Abigail watched boats move for the shore. “Because he’s delusional. Because he needs it.”

“I mean, why did you let her go? Do you even know where Julian is?”

“In the woods, I suspect.”

“He needs to be controlled.”

“Until his head is clear, I’d prefer him anywhere but here. He’s hallucinating.”

“But you hate that family.”

“I hate Caravel. There’s a difference. The daughter surprised me.”

“Meaning?”

“I was impressed.”

“How could the white trash daughter of a white trash whore possibly impress you? What could she have possibly said?”

“She wants a better life. Julian is helping her.”

“I bet he is.”

“Must you be so juvenile? She’s an artist. Carves bone, apparently. Something her grandmother taught her. She must be exceptional at it.”

“Because Julian wants to bang her?”

“Because for all Julian’s faults,” Abigail finally raised her voice, “he is a man of exquisite taste. If he says she has talent, she does. He sent her work to New York. He got her a showing at one of the finer galleries. His publisher wants to do a book.”

“About bones?”

“About a disappearing art form. About an illiterate child who does this exceptional thing.”

“Artists. Writers. Jesus. How did my life come to this?” The senator stood. “If you need me, I’ll be with the lawyers. They’re bloodsuckers, but at least I understand them.”

He got halfway to the door before Abigail stopped him. “What I said about Michael…” She waited for him to look back. “I meant it. If you try to hurt him, I’ll take it personally.”

The senator smiled thinly. “You would choose him over me?”

“Don’t force the choice.”

“Sometimes, Abigail, it’s you who I don’t understand.”

“Perhaps it’s best that way.”

“And perhaps not.”

The senator left; she finished her coffee.

Two hours later, they came for Julian.

* * *

Michael heard about it on the radio. He was doing 110 on the interstate, eyes wide for state troopers, weapon cocked on the seat beside him. He’d never killed a cop or a civilian, but knew Jimmy well enough to know that four hours meant four hours.

The needle touched 120.

He checked the rearview mirror again, turned up the radio.

“… sources close to the investigation indicate an arrest warrant has been issued for Julian Vane, the internationally best-selling children’s author and adopted son of Senator Randall Vane. Authorities have converged on the sprawling estate…”

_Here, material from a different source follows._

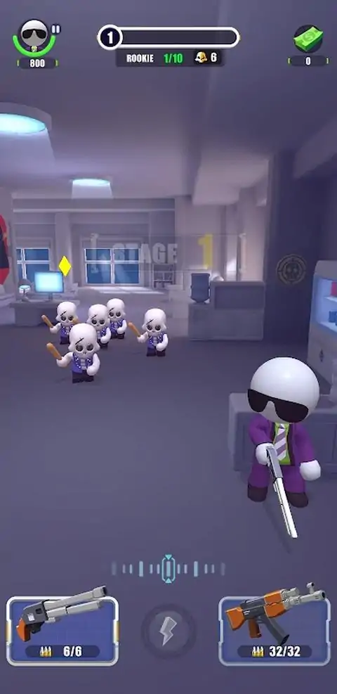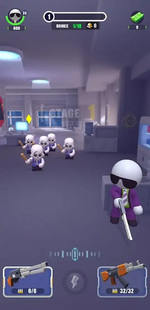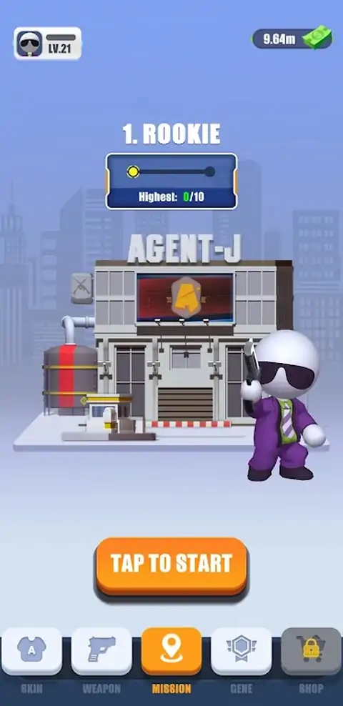 玩家扮演熟练的秃头特工,通过单击向敌人射击并击败所有敌人以通过关卡。每次击败敌人,玩家都可以获得金币奖励

They had few details, but the story was sensational. Celebrity. Politics. Multiple bodies. When it was over, he called Abigail. “How’s Julian?”

“Michael? Where are you?”

He heard voices in the background, a low, vital hum. “Is he arrested?”

“No, but they’re looking for him, and its only a matter of time. He can’t hide forever, and if he runs, God alone knows what’ll happen. I’m coming apart, Michael. Randall says the warrant is trumped up, but it won’t matter. If they arrest him, they’ll break him. You said it yourself. He can’t handle it.”

“I’m on the road-”

“Don’t come here!”

Michael hesitated as hairs stood up on his arm. “What’s wrong?”

“Just… don’t.”

Michael thought for long seconds. “I need my gun,” he finally said.

“What?”

He pictured Elena, broken in some dark hole; Jimmy with an unknown number of men, and a full day to prepare. Michael had the forty-five, and that was it. “The nine millimeter you took from my car. I need it. I don’t have time to find another one.”